╔══

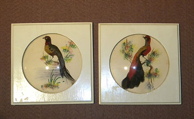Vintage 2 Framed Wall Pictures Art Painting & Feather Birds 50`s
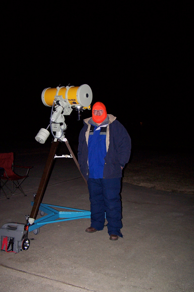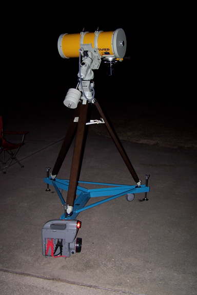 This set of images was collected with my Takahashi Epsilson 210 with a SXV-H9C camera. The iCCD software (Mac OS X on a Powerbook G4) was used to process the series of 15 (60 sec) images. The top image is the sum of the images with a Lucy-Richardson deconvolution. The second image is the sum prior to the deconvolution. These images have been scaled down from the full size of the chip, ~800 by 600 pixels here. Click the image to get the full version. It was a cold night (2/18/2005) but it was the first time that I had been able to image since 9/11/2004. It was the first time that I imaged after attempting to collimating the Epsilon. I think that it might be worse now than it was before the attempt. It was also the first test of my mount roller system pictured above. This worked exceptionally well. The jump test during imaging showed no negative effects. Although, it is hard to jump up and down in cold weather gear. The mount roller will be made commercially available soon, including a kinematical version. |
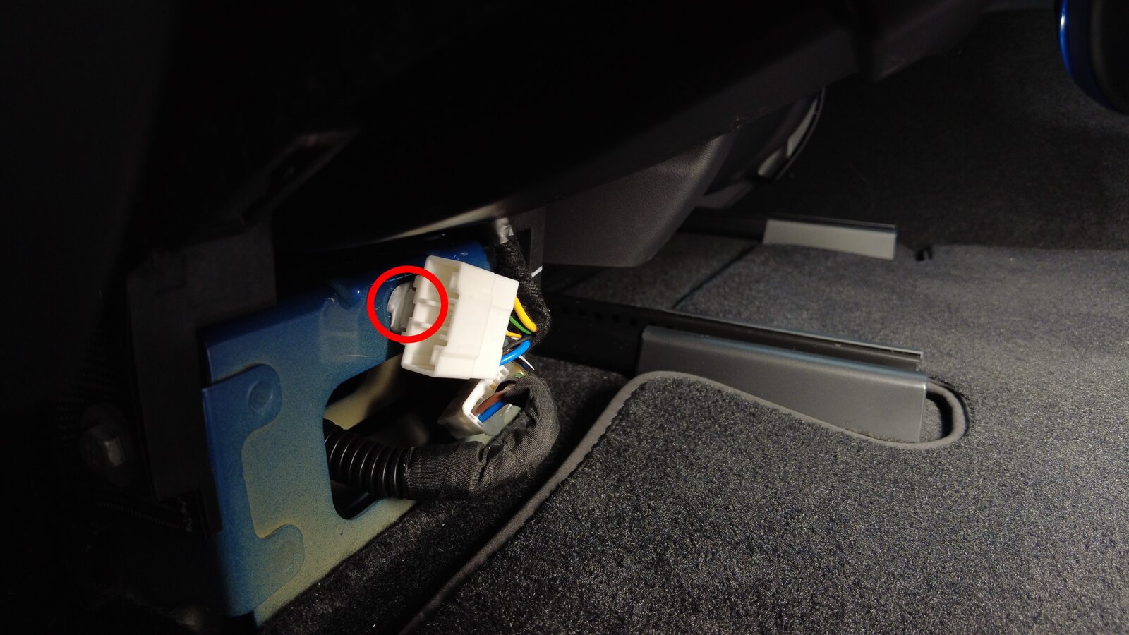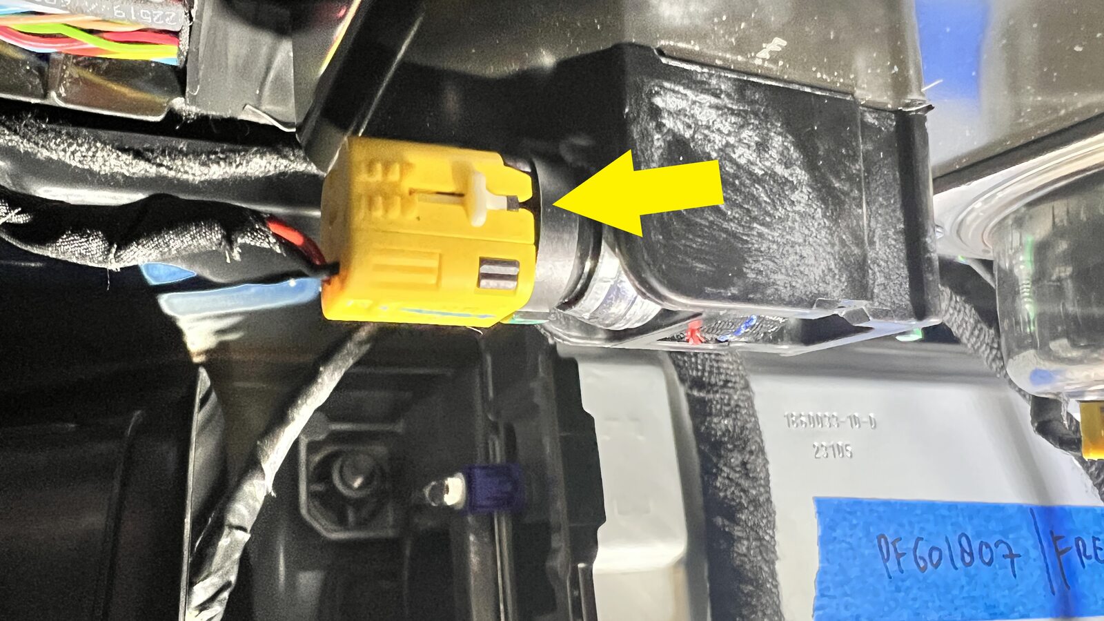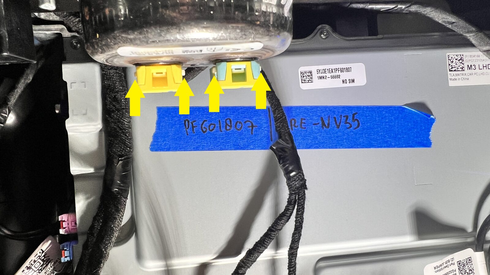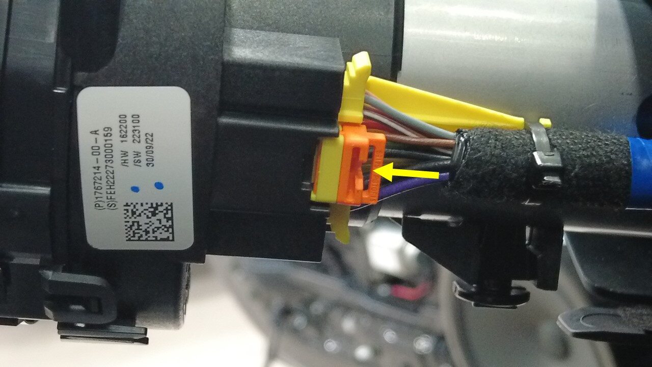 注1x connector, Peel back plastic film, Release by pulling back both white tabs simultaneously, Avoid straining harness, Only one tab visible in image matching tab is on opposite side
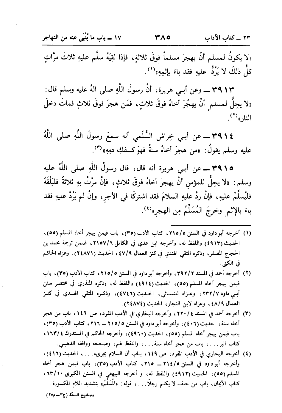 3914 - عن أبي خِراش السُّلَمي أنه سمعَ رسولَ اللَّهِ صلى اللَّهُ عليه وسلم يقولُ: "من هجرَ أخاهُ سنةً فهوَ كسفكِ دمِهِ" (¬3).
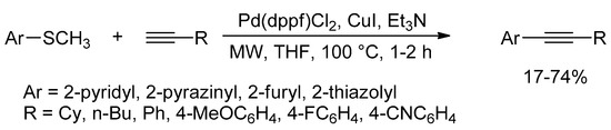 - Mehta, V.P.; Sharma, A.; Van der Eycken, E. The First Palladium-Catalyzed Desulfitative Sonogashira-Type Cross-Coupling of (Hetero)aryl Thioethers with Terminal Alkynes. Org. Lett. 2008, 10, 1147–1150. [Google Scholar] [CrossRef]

╚══

Exercise prompt:
Only an exact copy belongs in the answer: the lines from the one containing "3914 - عن أبي" through the end of the records, both ends included, minus the pictures.

Answer to this exercise:
 3914 - عن أبي خِراش السُّلَمي أنه سمعَ رسولَ اللَّهِ صلى اللَّهُ عليه وسلم يقولُ: "من هجرَ أخاهُ سنةً فهوَ كسفكِ دمِهِ" (¬3).
 - Mehta, V.P.; Sharma, A.; Van der Eycken, E. The First Palladium-Catalyzed Desulfitative Sonogashira-Type Cross-Coupling of (Hetero)aryl Thioethers with Terminal Alkynes. Org. Lett. 2008, 10, 1147–1150. [Google Scholar] [CrossRef]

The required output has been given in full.